All that is needed is the line in the material below containing "意味不明あだ名 | 『住所不定無職エイブラハムガドリン(13歳)』 |", plus every line after it, printed exactly.

═══

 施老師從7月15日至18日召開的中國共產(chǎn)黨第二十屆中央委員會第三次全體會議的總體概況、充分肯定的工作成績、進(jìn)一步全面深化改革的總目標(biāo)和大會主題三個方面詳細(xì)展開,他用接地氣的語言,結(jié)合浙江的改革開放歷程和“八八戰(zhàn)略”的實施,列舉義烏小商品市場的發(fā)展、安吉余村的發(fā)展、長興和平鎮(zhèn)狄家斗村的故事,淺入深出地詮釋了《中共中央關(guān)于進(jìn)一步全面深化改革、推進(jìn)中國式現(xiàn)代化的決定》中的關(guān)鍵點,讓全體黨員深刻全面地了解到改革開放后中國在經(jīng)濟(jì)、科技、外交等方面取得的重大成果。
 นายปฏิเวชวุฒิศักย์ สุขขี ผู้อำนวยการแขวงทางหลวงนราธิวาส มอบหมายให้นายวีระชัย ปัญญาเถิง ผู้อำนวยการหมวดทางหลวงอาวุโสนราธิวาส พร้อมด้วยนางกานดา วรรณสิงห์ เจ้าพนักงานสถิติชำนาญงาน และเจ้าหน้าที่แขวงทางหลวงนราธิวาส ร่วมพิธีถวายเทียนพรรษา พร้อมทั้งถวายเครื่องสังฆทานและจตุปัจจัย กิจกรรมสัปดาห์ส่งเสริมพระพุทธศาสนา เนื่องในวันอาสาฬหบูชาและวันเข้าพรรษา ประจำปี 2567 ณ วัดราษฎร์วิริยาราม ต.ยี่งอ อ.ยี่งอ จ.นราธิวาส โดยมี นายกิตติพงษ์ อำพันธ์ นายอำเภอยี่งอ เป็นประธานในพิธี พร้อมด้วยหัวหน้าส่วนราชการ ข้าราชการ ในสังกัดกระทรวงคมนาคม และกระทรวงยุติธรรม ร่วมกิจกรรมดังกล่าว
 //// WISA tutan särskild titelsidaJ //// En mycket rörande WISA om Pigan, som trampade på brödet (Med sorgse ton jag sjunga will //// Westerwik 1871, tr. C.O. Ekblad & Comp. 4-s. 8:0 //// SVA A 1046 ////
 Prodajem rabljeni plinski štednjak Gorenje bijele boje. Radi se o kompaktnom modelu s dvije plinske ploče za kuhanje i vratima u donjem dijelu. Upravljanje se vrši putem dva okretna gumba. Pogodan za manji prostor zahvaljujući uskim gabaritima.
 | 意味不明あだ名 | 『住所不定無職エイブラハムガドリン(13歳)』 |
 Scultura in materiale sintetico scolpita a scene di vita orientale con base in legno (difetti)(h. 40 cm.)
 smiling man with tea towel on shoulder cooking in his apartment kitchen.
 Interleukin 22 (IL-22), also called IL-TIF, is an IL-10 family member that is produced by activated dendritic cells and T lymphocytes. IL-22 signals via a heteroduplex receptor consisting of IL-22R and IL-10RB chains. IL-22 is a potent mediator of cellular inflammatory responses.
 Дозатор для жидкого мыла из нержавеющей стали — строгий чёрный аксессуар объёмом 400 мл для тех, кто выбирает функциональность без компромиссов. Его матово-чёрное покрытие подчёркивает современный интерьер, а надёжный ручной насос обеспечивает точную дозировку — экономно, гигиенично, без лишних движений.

═══

*Solution to this problem*:
 | 意味不明あだ名 | 『住所不定無職エイブラハムガドリン(13歳)』 |
 Scultura in materiale sintetico scolpita a scene di vita orientale con base in legno (difetti)(h. 40 cm.)
 smiling man with tea towel on shoulder cooking in his apartment kitchen.
 Interleukin 22 (IL-22), also called IL-TIF, is an IL-10 family member that is produced by activated dendritic cells and T lymphocytes. IL-22 signals via a heteroduplex receptor consisting of IL-22R and IL-10RB chains. IL-22 is a potent mediator of cellular inflammatory responses.
 Дозатор для жидкого мыла из нержавеющей стали — строгий чёрный аксессуар объёмом 400 мл для тех, кто выбирает функциональность без компромиссов. Его матово-чёрное покрытие подчёркивает современный интерьер, а надёжный ручной насос обеспечивает точную дозировку — экономно, гигиенично, без лишних движений.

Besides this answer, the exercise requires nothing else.